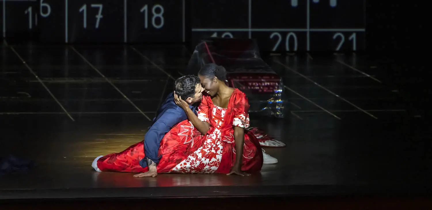 In Act III, a video casts a game of shadows in the background, taking us from the costume department to the women’s chorus dressing room, then to a dance studio where the “petits rats” (little rats, an affectionate term for Paris Opera ballet school dancers) are training. For the opening of act IV, one of them, Barberina, exits from the Count’s dressing room, her torn tutu leaving no doubt as to what she has just lost—”L’ho perduta,” poignantly sung by Lobel-Torres.
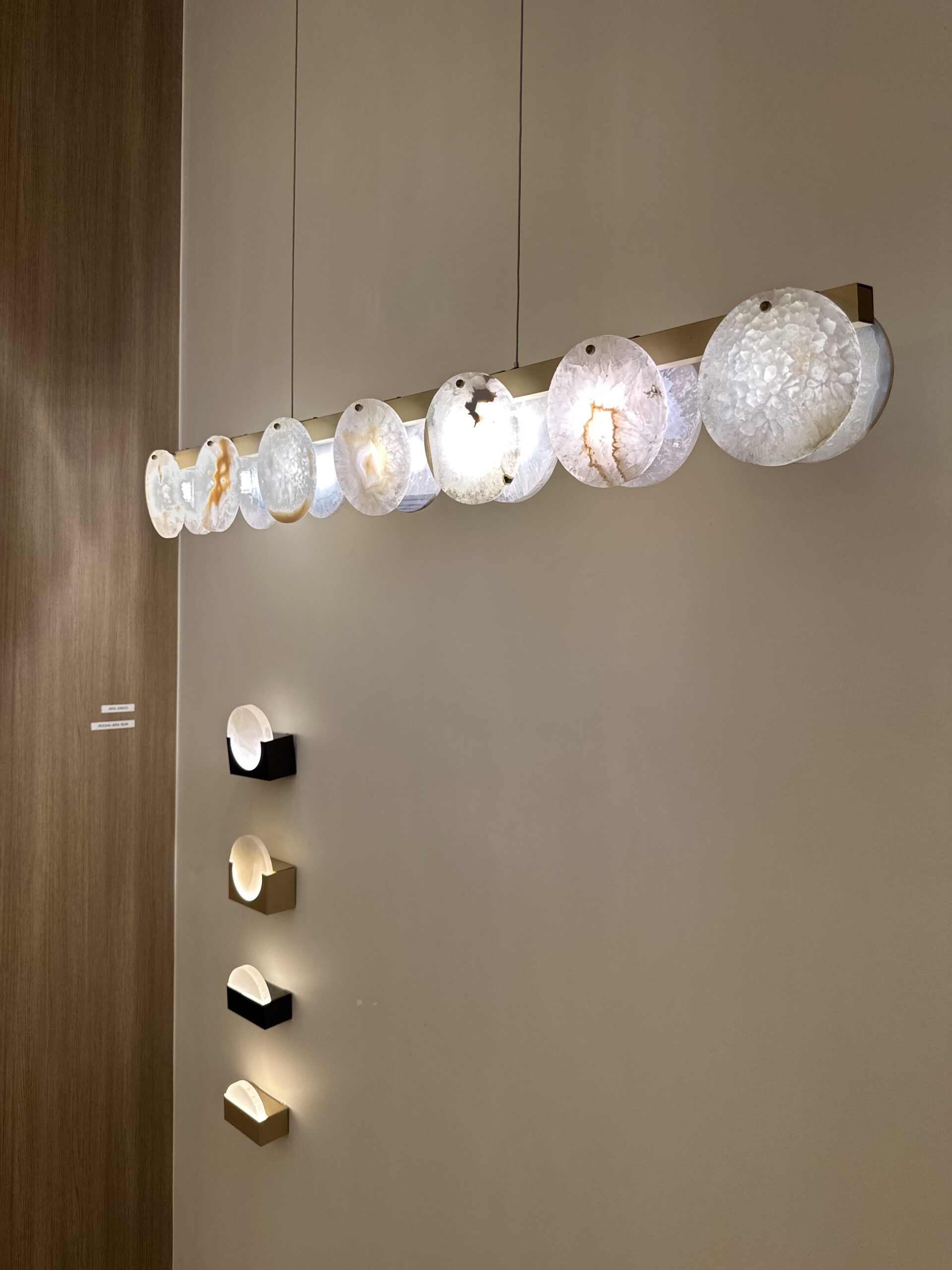 Versão linear da linha Eclipse – discos de pedra natural alinhados em barra reta (não concêntricos). Oferece escolha entre dois materiais naturais (selenita suave vs ágata cristal brilhante) no mesmo formato.
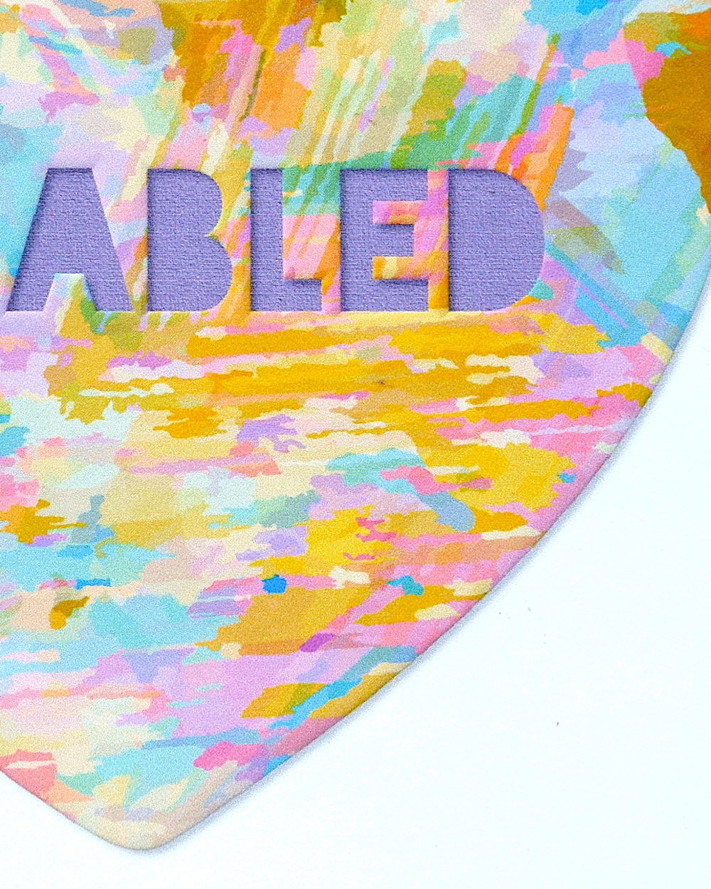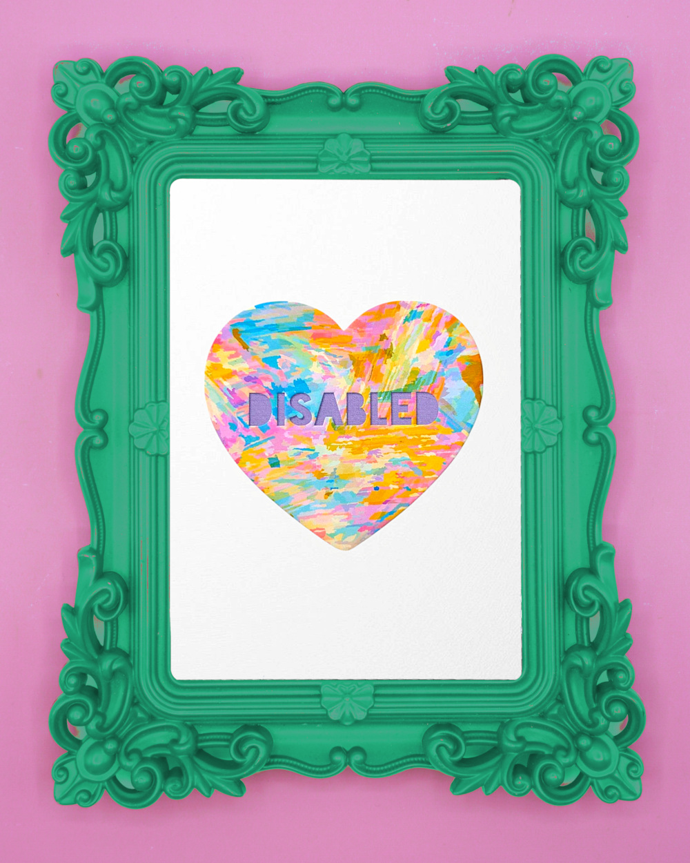 I love that ‘Disabled’ is no longer a dirty word, especially having lived with chronic illness since childhood. With that in mind, I wanted to use my colourful art to show that ‘disabled’ is not a synonym for boring or sterile. We are all joyous, colourful people who deserve to be seen!
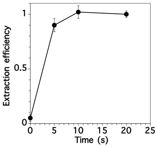 Extraction efficiency of Cd from brown rice samples as a function of grinding time. Error bars indicate the standard deviation, which was determined using three replicates.
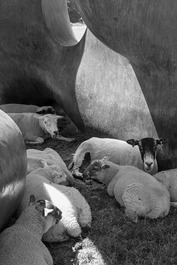 GB. England. Wakefield. 2018. Yorkshire Sculpture Park. Henry Moore: Two Large Forms. Sheep shelter from 27 degree C heat in the shadows.
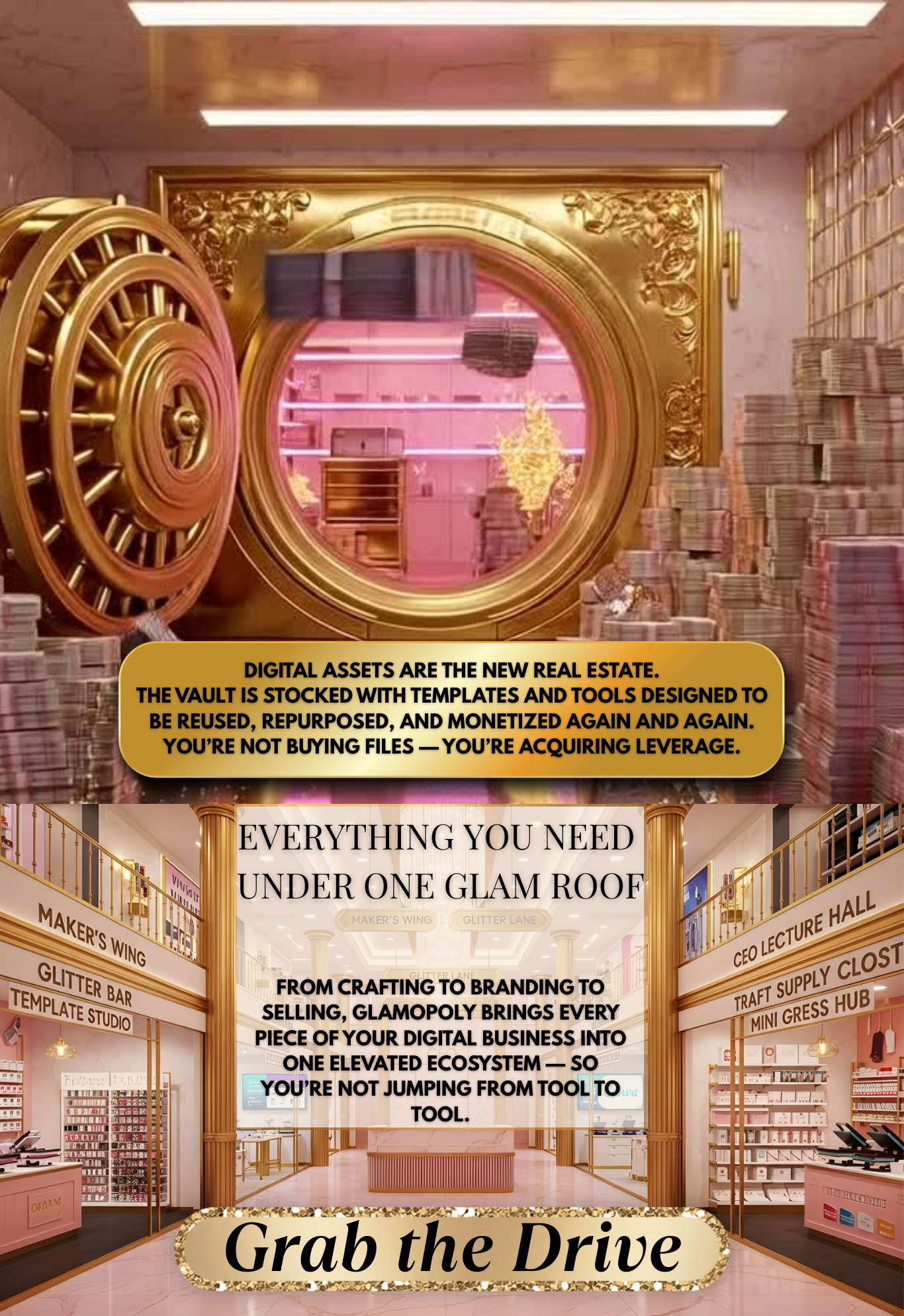 Glamopoly Empire is a luxury, all-in-one digital template vault created for crafters, creators, and digital entrepreneurs ready to design, sell, and scale year-round.

========

▶ _Try it_
No pictures, please. Output the listing above exactly as it stands.

▶ _Solution to this task_
 In Act III, a video casts a game of shadows in the background, taking us from the costume department to the women’s chorus dressing room, then to a dance studio where the “petits rats” (little rats, an affectionate term for Paris Opera ballet school dancers) are training. For the opening of act IV, one of them, Barberina, exits from the Count’s dressing room, her torn tutu leaving no doubt as to what she has just lost—”L’ho perduta,” poignantly sung by Lobel-Torres.
 Versão linear da linha Eclipse – discos de pedra natural alinhados em barra reta (não concêntricos). Oferece escolha entre dois materiais naturais (selenita suave vs ágata cristal brilhante) no mesmo formato.
 I love that ‘Disabled’ is no longer a dirty word, especially having lived with chronic illness since childhood. With that in mind, I wanted to use my colourful art to show that ‘disabled’ is not a synonym for boring or sterile. We are all joyous, colourful people who deserve to be seen!
 Extraction efficiency of Cd from brown rice samples as a function of grinding time. Error bars indicate the standard deviation, which was determined using three replicates.
 GB. England. Wakefield. 2018. Yorkshire Sculpture Park. Henry Moore: Two Large Forms. Sheep shelter from 27 degree C heat in the shadows.
 Glamopoly Empire is a luxury, all-in-one digital template vault created for crafters, creators, and digital entrepreneurs ready to design, sell, and scale year-round.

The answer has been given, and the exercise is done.